Here we show the demo videos of our LuciBot method.
We introduce LuciBot, a pipeline that utilizes a general-purpose video generation model to autonomously generate supervision signals for complex embodied tasks.
Automatically generating training supervision for embodied tasks is essential for collecting large-scale data in simulators.
While prior works utilize large language models (LLMs) to generate reward code or leverage vision-language models (VLMs) as supervision, these approaches are largely limited to simple tasks with well-defined rewards, such as pick-and-place. This limitation arises because LLMs struggle to describe complex shapes in code, and VLM-based rewards, such as those derived from CLIP, tend to be less precise.
To address these challenges, we propose leveraging the imagination capability of off-the-shelf video generation models. Given an initial simulation frame and a textual task description, a video generation model produces a video demonstrating task completion with correct semantics. We then extract rich supervisory signals from the generated video, including 6D pose sequences of objects, 2D segmentations, and estimated depth, to facilitate task learning within the simulation.
Our approach significantly enhances supervision quality for complex embodied tasks, expanding the potential for large-scale training in simulators.
Given a scene configuration in the simulation and a textual task description, we generate a video based on the rendered image and text description, serving as an imagined execution process for completing the task. Supervisory signals are then extracted from this generated video to optimize an action trajectory for task execution.
Here we show the demo videos of our LuciBot method.
LuciBot utilizes a general-purpose video generation model to generate reference videos that conform to semantics and extracts rich supervisory signals from them to facilitate complex embodied tasks. Here, we show the generated videos, including deformable tasks, articulated tasks, and rigid tasks.
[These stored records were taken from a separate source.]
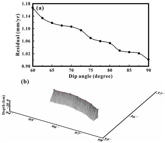 The geometric model parameters of the fault should be determined before the interseismic deformation model based on the InSAR-derived model. The following reasons should be considered before establishing the geometric models of the XDS of the EKFZ. (1) From Figure 4, we can see that the EKFZ mainly influences all the deformation information in the research area, so we do not need to consider the effects of other faults during the inversion process; (2) According to the previous studies, the dip of the XDS of EKFZ ranges from 70° to 90° [19,81]. We performed some search calculations to determine the fault dip angle. After varying the fault dip angle intervals and calculations several times, the results are shown in Figure 6a, and if the fault dip angle of the XDS of the EKFZ was set to 90°, the fitting residual was the smallest. Therefore, the fault dip angle of the XDS of the EKFZ was set to 90° when the fault model was established (Figure 6b); and (3) According to the inverse slip dislocation theory, the fault planes can be divided into upper and lower parts [71,82]. The upper part is responsible for the near-field deformation signal and is assumed to be the seismogenic fault. Its depth is determined to be 20 km by the source depth of the repositioned earthquake. The lower part is responsible for the far-field deformation signal and is assumed to be an elastic layer, and its depth is set to 80 km according to the depth of the lower boundary of the lithosphere [83]. In addition, we tested the slip rate distribution at depths of 20 km, 40 km, 60 km, and 80 km, respectively, and concluded that the slip rate distribution varied little when the section depth was about 40 km.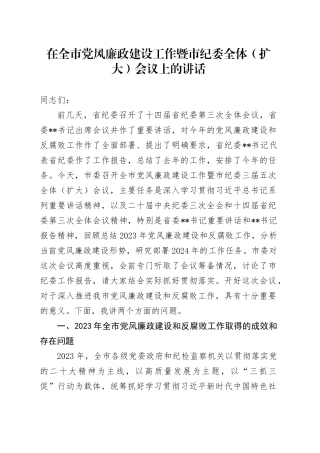 2024 年在党风廉政建设工作暨市纪委会议上的讲话同志们:前几天,省纪委召开了十四届省纪委第三次全体会议,省委××书记出席会议并作了重要讲话,对今年的党风廉政建设和反腐败工作作了全面部署、提出了明确要求,省纪...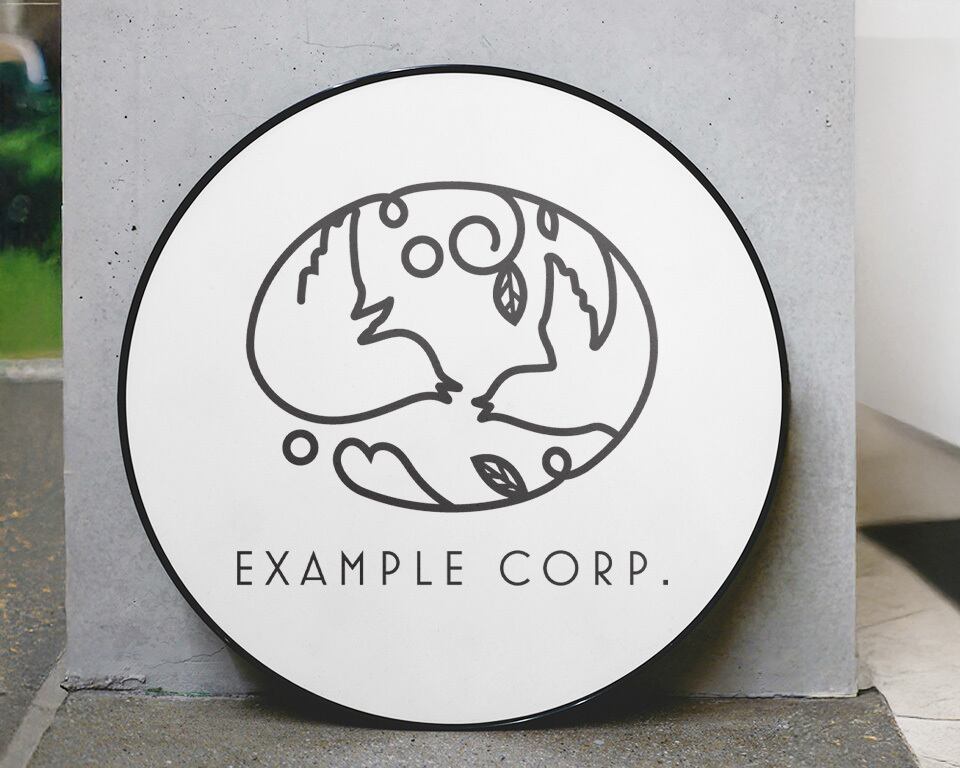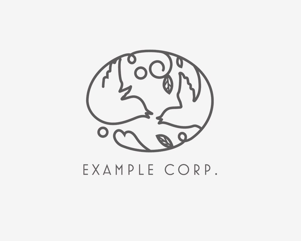 丸いシルエットの中に、向かい合う二羽の鳥と葉が繊細な線で描かれたロゴは、自然の優しさや繋がり、調和を表しています。穏やかでオーガニックな印象は、安心感と親しみやすさを与えます。自然食品関連、オーガニック製品、環境保護に取り組む企業に最適です。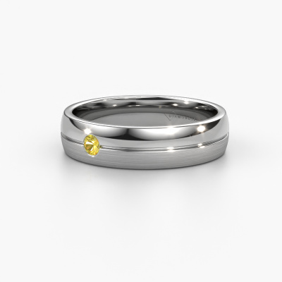 What a perfect combination of two different precious metals. They seem to reinforce each other in the modern design of this ring! Our goldsmith would be honoured to create a unique ring for you, customized to your liking. Each ladies wedding ring we offer is artfully crafted by hand in our own artisan studio. That makes it possible for us to turn modern into reality and helps create your own personal ring, customized to your style. This modern WH0201L25APM ladies wedding ring is set with round yellow sapphire, is ±0.20 in wide and has a mat/shiny finish. Simply customize your gemstones and colours with our online tool. Our jewel designers will make a 3D drawing of your design, so you can see the result. Our goldsmiths will subsequently make your wedding ring by hand, according ancient craftsmanship. Our goal is to make the wedding ring you have in mind. A unique wedding ring to match your style completely!By the way, you can be inspired by this wedding ring and have it further adjusted to your taste. Do you prefer a smaller band or a wider one? Do you prefer a shiny ring or a matte one? Anything is possible. Also, if you have an idea of your own for extraordinary wedding rings, or if you have seen a beautiful set somewhere else that you really like and would like to have adjusted to your personal taste: no problem! don't hesitate to contact us. Our designers will gladly discuss your possibilities with you!Because we design our wedding rings ourselves, and deliver it directly to you, we can offer you wedding rings at a price you won't find anywhere else. Our rings are made to order, which helps prevent excess supplies, so we can make you a great price offer.To make it easier for you, we offer a 30 day return policy. Check our terms and conditions.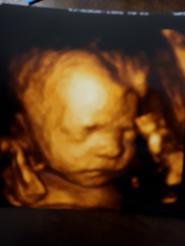 I gave his DH part of his bday present - a trip to the 3D & 4D scan and we were able to see features of our little love. She, so far, is looking more like her momma.
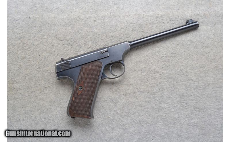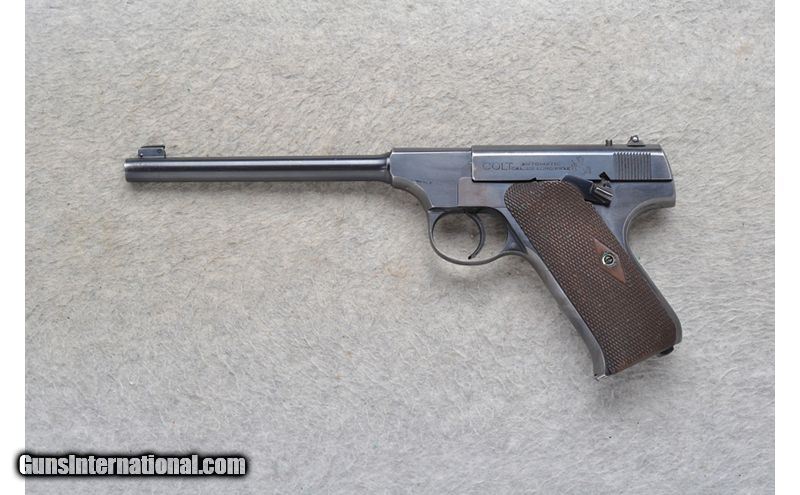 Description: This Colt Model Automatic is a right hand semi-auto pistol in .22 Long Rifle Cal. It has a 6.5 inch barrel. A blade front sight and notch rear sight. The grip panels are a diamond checkered walnut. It comes with a brown leather holster. .22 Long Rifle SOLD Chambers: Semi-Auto 10 round magazine. Metal Condition: Good. Minor surface blemishes and blue wear at the bore. Wood Condition: Good. Minor marks. Bore Condition: Good. Barrels: 6.5 inch. Weight: 28 oz. Sights: Blade front. Notch rear. Item Location: Richfield, WI |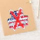 Wording, THE GREAT RESET is filled with an American Flag pattern of red white and blue stars and stripes. Overlaying the wording is a big red "x" to indicate that you do not support this agenda. Available in multiple sizes, and you can easily transfer the design to other products.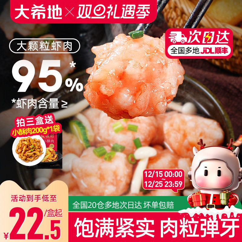 -> 大希地虾滑新鲜手打挤袋火锅食材生鲜活速冷冻虾仁饼低脂虾丸虾球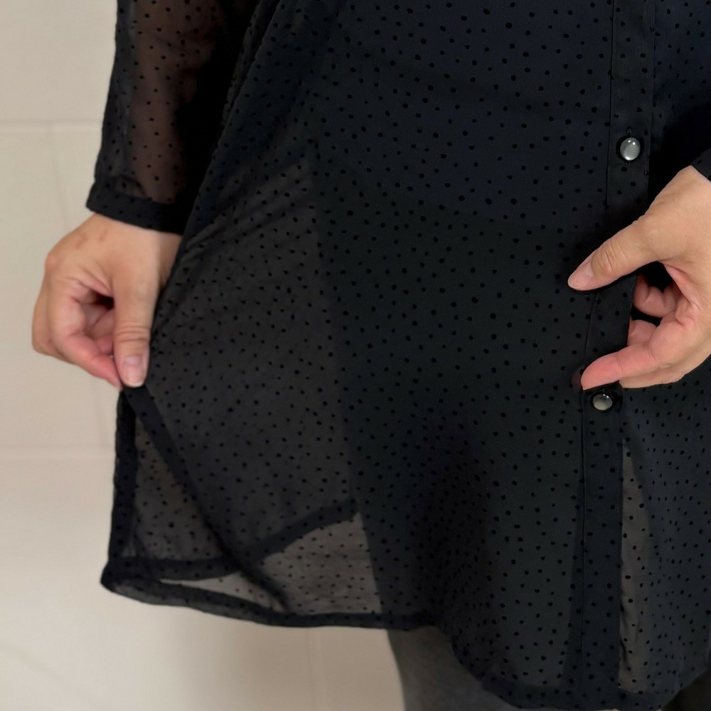 • [3L-5L][日本製]フロッキードットプリントシアーロングカーディガン2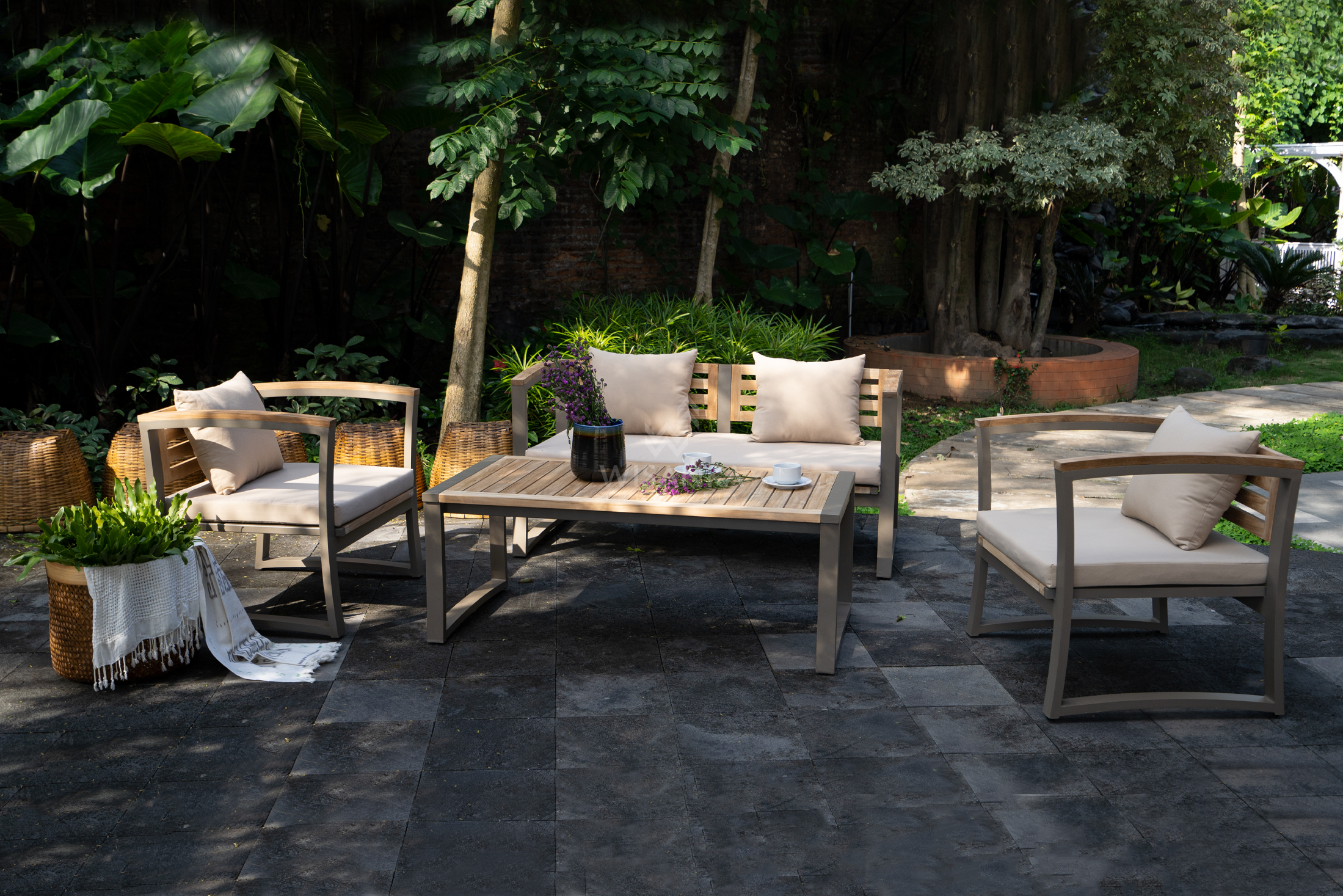 ilson Outdoor Living Set – Clean, modern teak and aluminum seating that brings indoor-level comfort to outdoor spaces.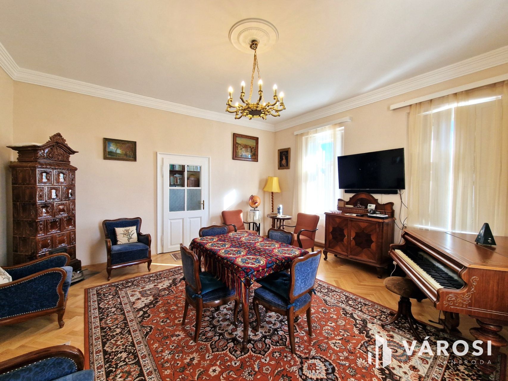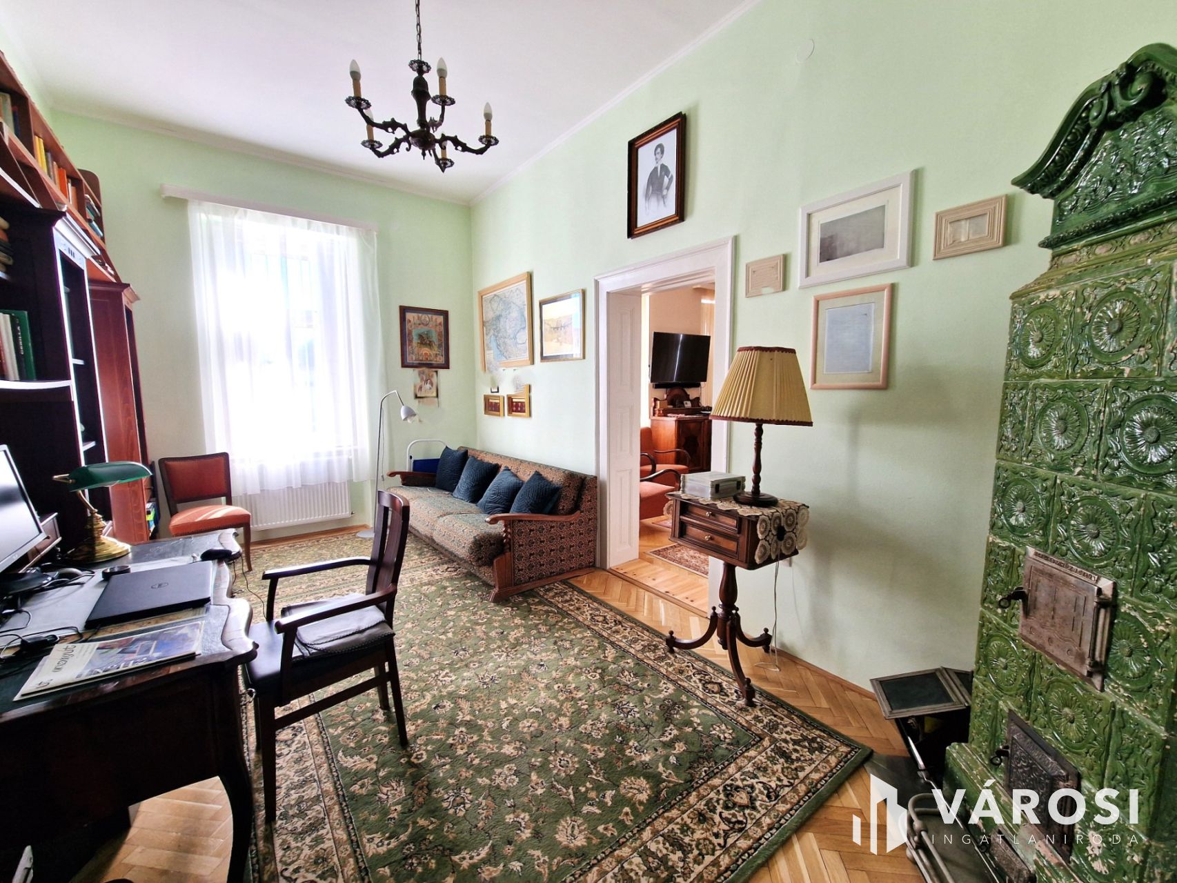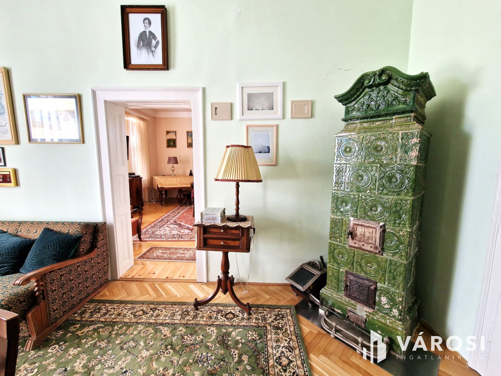 + Fűtését, a nappaliban és dolgozóban elhelyezett egyedi kivitelezésű, fa tüzelésű cserépkályhák támogatják.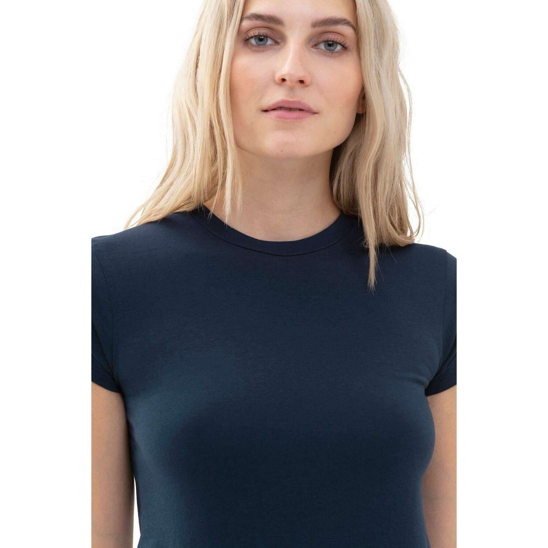 This cotton pure short-sleeved top for women is fashioned by the brand Mey in a blue colour and is made from 94% cotton and 6% elastane. Also the night blue t-shirt is designed in a plain pattern, It is recommended to machine wash at 60 degrees to keep this t-shirt in good condition. All the t-shirts come complete with mey packaging. The Mey Cotton Pure Short-Sleeved Top - Night Blue features 1/2 sleeves and a round neckline with a subtle turtleneck, blending clean simplicity with sporty elegance. Designed for an incredible fit, it offers exceptional comfort and a naturally pleasant feel against the skin. Soft, breathable, and effortless to wear, it s the perfect feel?good essential for everyday comfort.

We extract supervisory signals from the generated video then optimize the motion trajectory of the actuator directly in the simulator. Here we demonstrate the optimized trajectory videos of the actuators.
By obtaining the 6 dofs signals, we sample grasping poses based on grasping affordance and employ inverse kinimatics and path-planning algorithms to control the robot arm to grasp the actuator and follow this trajectory. We show the demo videos of robots manipulation as follows.
Beyond rendered images, our method can also be applied to real-world scenarios. Specifically, we first set up a real-world scene, capture an image of it, and generate a video conditioned on the image and task description. We choose two challenging tasks: Stack cups and Pour water, and conduct real world experiment. For stacking cups, the robot successfully stacks the white cup inside the red cup. The videos from left to right show the generated reference video, simulation video, and the real world manipulation video.
For pouring water, the robot successfully pours the water from the cola can to the bowl. The videos from left to right show the generated reference video, simulation video, and the real world manipulation video.